Director - Cyber Security

Company Information 

At Advarra, we are passionate about making a difference in the world of clinical research and advancing human health. With a rich history rooted in ethical review services combined with innovative technology solutions and deep industry expertise, we are at the forefront of industry change. A market leader and pioneer, Advarra breaks the silos that impede clinical research, aligning patients, sites, sponsors, and CROs in a connected ecosystem to accelerate trials. 

Company Culture  

Our employees are the heart of Advarra. They are the key to our success and the driving force behind our mission and vision. Our values (Patient-Centric, Ethical, Quality Focused, Collaborative) guide our actions and decisions. Knowing the impact of our work on trial participants and patients, we act with urgency and purpose to advance clinical research so that people can live happier, healthier lives.  

At Advarra, we seek to foster an inclusive and collaborative environment where everyone is treated with respect and diverse perspectives are embraced. Treating one another, our clients, and clinical trial participants with empathy and care are key tenets of our culture at Advarra; we are committed to creating a workplace where each employee is not only valued but empowered to thrive and make a meaningful impact.  
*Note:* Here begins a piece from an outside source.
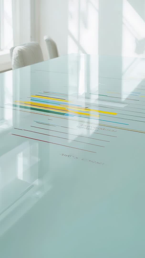 AI Generated Video. Showing vertical camera pan across glossy office table featuring colorful bar chart lines and strong window reflections. Soft daylight filtering through panes, creating bright, airy mood. Minimalist modern interior with soft upholstered chair visible in background, offering professional, calm atmosphere. Working well for vertical social ads, mobile app backgrounds, corporate presentation openers, and data-driven explainer sequences. Pairing easily with motion graphics, title overlays, or lower-third animations for analytics, finance, or market research topics. Safe cropping for portrait-oriented reels, stories, and product pages. Editing tips: apply gentle speed ramping, subtle color grade to enhance pastel teal and yellow accents, and add light parallax for depth. Licensing suitable for commercial use in websites, promos, onboarding videos, and broadcast bumpers.

Job Duties & Responsibilities    

• Provides oversight for the information security compliance program for the relevant region, identifying areas of non-compliance and directing corrective action. Consultant and advisor to regional site leadership on information security and related matters. 
• Initiates, facilitates, and promotes activities to foster information security awareness and education within the associated area of responsibility. Fosters a culture of cyber security both with the IT organization and to drive behavioral changes for the business, including reports and communication to regional and site level leadership on security trends and statistics. 
• Assists the CISO, Security Operations Lead, Privacy and Compliance as necessary around incident response for regional security incidents and events including responding to potential breaches of electronic protected health information (ePHI) and electronic personally identifiable information (ePII). 
• Responsible for the development and implementation of associated risk management or corrective action “Plan of Action & Milestones” (POA&M) for the regional or business area of responsibility including the integrity of initial or periodic risk assessment/analysis and the subsequent mitigation and remediation. 
• Coordinates external and internal security and privacy audit controls for that region or business to monitor activity on electronic systems that contain or use electronic protected health information or electronic personally identifiable information and to ensure that activity is appropriate. Such activity would include, but is not limited to, logons and logoffs, file access, updates, edits and printing. 
• Ensure that the disaster recovery, business continuity, risk management and access control needs of the regional or business are documented and addressed. 
• Leads strategic projects as necessary with both regional and national scope, for example Data Leak Protection, Vulnerability Management, Phishing Simulation reporting and others 
• This role will be an individual contributor, with no direct reports.   

Location   

This role is open to candidates working hybrid in Bengaluru India.   

Basic Qualifications    

• Bachelor’s degree in computer science, information systems, related field, or equivalent experience 
• CISSP, CISM certification preferred 
• 5-10 years’ experience leading an information security program and working with a globally distributed information security team 
• Experience in Life Science, Health Care, manufacturing or other highly regulated industries 
• Ability to lead audits and assessments of technology and processes related to ISO27001, HIPAA & HITRUST 
• Experience with vendor and product selections including oversight of enterprise risk assessments  

Preferred Qualifications    

• CRISC, CGEIT, CISA GSEC, GCIH certifications are helpful but not required  

Physical and Mental Requirements  

• Sit or stand for extended periods of time at stationary workstation 
• Regularly carry, raise, and lower objects of up to 10 Lbs.  
• Learn and comprehend basic instructions 
• Focus and attention to tasks and responsibilities 
• Verbal communication; listening and understanding, responding, and speaking  

Advarra is an equal opportunity employer that is committed to diversity, equity and inclusion and providing a workplace that is free from discrimination and harassment of any kind based on race, color, religion, creed, sex (including pregnancy, childbirth, and related medical conditions, sexual orientation, and gender identity), national origin, age, disability or genetic information or any other status or characteristic protected by central, state, or local law.  Advarra provides equal employment opportunity to all individuals regardless of these protected characteristics. Further, Advarra takes affirmative action to ensure that applicants and employees are treated without regard to any of these protected characteristics in all terms and conditions of employment, including, but not limited to, hiring, training, promotion, discipline, compensation, benefits, and separation from employment.